An index is itself a small data model: a stored projection of the table. It has a shape, it has a maintenance cost, and it speeds up only the query shapes it was built for. Nothing more, nothing less.

So let the query choose the index order.

For this query:

SELECT *
FROM comment_feed
WHERE user_id = $1
ORDER BY created_at DESC
LIMIT 100;

This index matches the access pattern:

CREATE INDEX comment_feed_user_recent_idx
  ON comment_feed (user_id, created_at DESC);

This index has the same columns in a different order:

CREATE INDEX comment_feed_recent_user_idx
  ON comment_feed (created_at DESC, user_id);

The first index groups one user's rows together, already sorted by time, so the query walks one contiguous range and stops at the page limit. The second orders rows by time across all users, so the query reads down that shared timeline and steps past everyone else's rows along the way. Same columns, very different amount of work.

Column order shapes the work.

B-tree, hash, covering, partial

Most everyday Postgres indexes are B-tree indexes. They handle equality, range scans, and ordered reads, which is why they are the sensible default for feed queries, lookup pages, account lists, and most filters.

Hash indexes serve equality lookup. They answer "find the row where this column equals this value" directly. When a query needs rows in sorted order, that is a job for a B-tree, since a B-tree keeps its entries ordered and a hash index does not.

Covering indexes use INCLUDE columns to avoid extra table fetches for small, commonly returned fields:

CREATE INDEX comment_feed_covering_idx
  ON comment_feed (user_id, created_at DESC)
  INCLUDE (comment_id, post_id, post_title, comment_author_name);

Keep covering indexes to small, frequently read fields. An INCLUDE column copies its data into the index, so a large text blob placed there grows storage, adds cache pressure, and raises write cost. Small and well-chosen is the whole point.

Partial indexes store only the rows a query actually needs:

CREATE INDEX comments_visible_recent_idx
  ON comments (post_id, created_at DESC)
  WHERE deleted_at IS NULL;

This pays off when most queries quietly ignore deleted, archived, private, or expired rows anyway.

It is worth remembering that every index carries a write cost. Each insert, update, and delete maintains every index on the table, so an index that no query ever reads still charges its maintenance on every single write. A drawer full of unused indexes slowly becomes slower writes and heavier maintenance. Indexes are easy to add and easy to forget; the occasional review is kind to your future self.

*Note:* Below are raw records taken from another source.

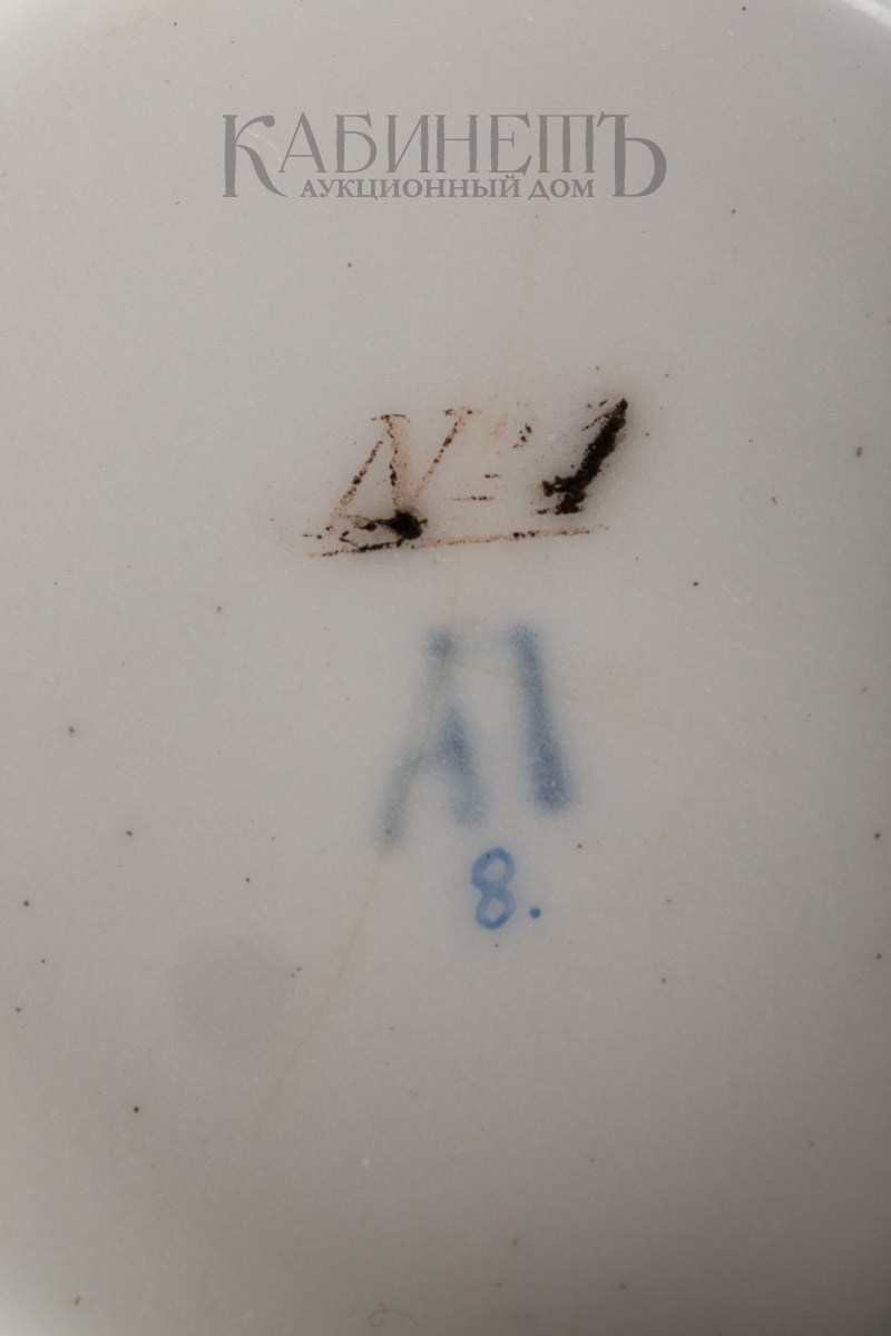 Марки: подглазурная синяя «АП» и цифра «8.»; надглазурная «№ 1».
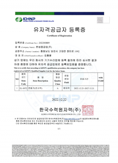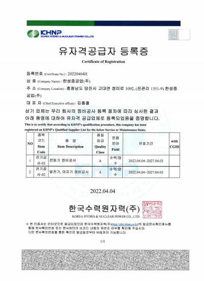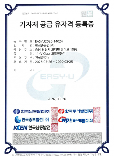 기자재 공급 유자격 등록증 - 5대발전_11kV Class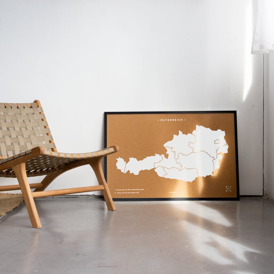 La mappa dell'Austria è ideale per ricordare tutti i tuoi viaggi nel paese dell'Impero Asburgico. Un quadro decorativo in sughero per aggiungere un tocco avventuroso alla tua casa e rivivere le esperienze più belle ogni volta che vuoi.

Choosing a column or a table

Add a column when:

The value is one-to-one with the row.
It is read with the row most of the time.
It changes at the same lifecycle as the row.
It has bounded size.

Create another table when:

The relationship is one-to-many.
The data has a different lifecycle.
The data changes at a much higher rate.
The data is optional, sparse, or large.

Example:

-- Usually fine: one post has one current moderation state.
ALTER TABLE posts
ADD COLUMN moderation_state text NOT NULL DEFAULT 'pending';

-- Better as a table: one post has many moderation events.
CREATE TABLE post_moderation_events (
  id bigint PRIMARY KEY,
  post_id bigint NOT NULL REFERENCES posts (id),
  actor_id bigint NOT NULL REFERENCES users (id),
  action text NOT NULL,
  created_at timestamptz NOT NULL
);

The decision comes down to three quiet questions: read cost, write cost, and lifecycle.

Partitioning

Partitioning splits one logical table into smaller physical pieces.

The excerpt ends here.